Motirõ FADESP debate cultura popular e ancestral

  • DATA DE PUBLICAÇÃO: 29/06/2026

Palestra com historiador Luiz Antônio Simas lotou o foyer nos Mercedários. Público destacou a importância do projeto

Nem a chuva afastou o público que lotou o Motirõ realizado na quinta-feira, 25, no foyer dos Mercedários, em Belém. À frente do evento, realizado pela Fundação de Amparo e Desenvolvimento da Pesquisa (FADESP) estava o professor Luiz Antônio Simas, que por mais de uma hora refletiu sobre a construção de sentidos coletivos de vida que combatem o projeto de aniquilação que foi historicamente imposto a diversos grupos sociais

Professor Luiz Antônio Simas

Com o tema “Territórios e Seres Encantados: Narrativas (Insubmissas) de Rua na Construção do Patrimônio Popular”, Simas conduziu uma conversa abordando os saberes produzidos a partir da cultura, ancestralidade, identidade e dos múltiplos modos de compreender o Brasil a partir de suas expressões populares. “Existe uma diferença entre diáspora e cultura diaspórica. A diáspora opera na lógica da desagregação, já a cultura diaspórica opera no sentido de reconstruir a vida como uma experiência coletiva. E aí está o grande sentido transgressor das culturas populares, porque são culturas que interagem com a contemporaneidade no sentido de construir modos coletivos de vida”, pontuou o historiador, escritor e educador popular.

O púbico enfatizou a necessidade de mais espaços de debates e temas como o da palestra. “A proposta do Motirõ já é uma transgressão muito importante e que vem em um momento em que é preciso reforçar a universidade como disparador da cultura do carnaval de rua de Belém que está muito fragilizado” afirmou o professor Miguel Santa Brígida. Ele ainda defendeu a necessidade do terceiro ano do programa com foco em escolas de samba. “É muito importante a fala do Simas, conectando toda essa cultura da pesquisa, do estudo do carnaval, da escola samba com a cultura paraense, como essa ideia de pertencimento de chão. Belém tem um chão cultural rico de fenômenos como Círio tem pertencimento de chão, como o Pavulagem tem pertencimento de chão. E a gente tem o pertencimento de chão nas escolas de samba enquanto essa cultura preta e brasileira, que no Brasil é riquíssimo e singular e em Belém também. E a gente não pode deixar descaracterizar a sua essência, então essa fala do Simas é fundamental para que possamos dar uma guinada nesse movimento” reforçou o professor.

Já a jornalista Márcia Lima comentou que palestra foi um convite para a reflexão sobre o que move e mantem a vida em sociedade. “Diante da mercantilização de tudo na nossa vida, a gente precisa parar um pouco e prestar atenção no que nos faz viver. Precisamos entender para além da cultura capitalista o que nos move e nos mantém vivos”, observou.
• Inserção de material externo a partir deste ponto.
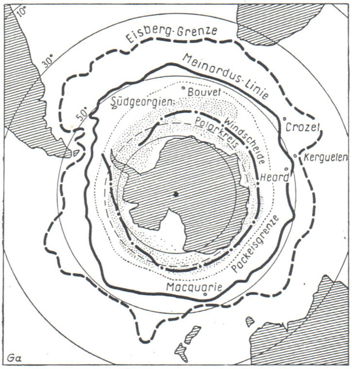 - Die antarktische Konvergenz oder Meinardus-Linie vereinigt alle Vorteile der vorgenannten Grenzlinien. Diese Grenze ist stabil, messerscharf und mit ihr ändert sich auf einen Schlag die Tierwelt des Meeres, Gehalt von Sauerstoff und Salz im Meer, von Temperatur, Nebel usw. Dieses Gebiet umfasst den Kontinent mit der Antarktischen Halbinsel, Südgeorgien, Bouvet, Heard und Macquarie. Sie heisst auch Antarktische Polarfront.

Motirõ – o nome do programa deriva de uma palavra de origem tupi-guarani associada ao trabalho coletivo e à construção em comunidade, ideia que orienta a iniciativa ao reunir pesquisadores, servidores, parceiros e convidados em torno de uma compreensão mais plural e sensível sobre a Amazônia.

Em seu segundo ano, o Motirõ se firma como um programa institucionalizado da Fadesp que amplia o diálogo da Fundação com a sociedade. “É uma fundação que não se envolve só com a parte econômica da universidade, mas que atua para o desenvolvimento de várias instituições e que se preocupa em pensar a cultura da Amazônia”, afirmou Gilmar Pereira, reitor da Universidade Federal do Pará (UFPA).

Da esquerda para a direita: Diretor Executivo da FADESP, Roberto Ferraz Barreto; professor Antonio Luiz Simas; e Diretor Adjunto da FADESP, Alcebíades Negrão Macêdo.

Roberto Ferraz, diretor executivo da Fadesp, falou da transição do Motirõ que foi criado no ano passado, por ocasião da COP 30, como um programa de letramento que abarcou diversos temas como cultura ancestral e popular, racismo climático e colonialidade justiça climática, entre outros e passou para o segundo ano. “Nós percebemos que não podíamos focar apenas na questão financeira dos projetos e novos negócios, era preciso ir além e pensar em como trabalhar melhor na Amazônia e para a Amazônia. O Motirõ traz debates que nos forma enquanto instituição, que são encampados pelo conhecimento produzido na universidade e que dialogam com sociedade. E que bom que conseguimos uma troca tão rica a ponto de pedirem já o ano III do Motirõ”, analisou Ferraz.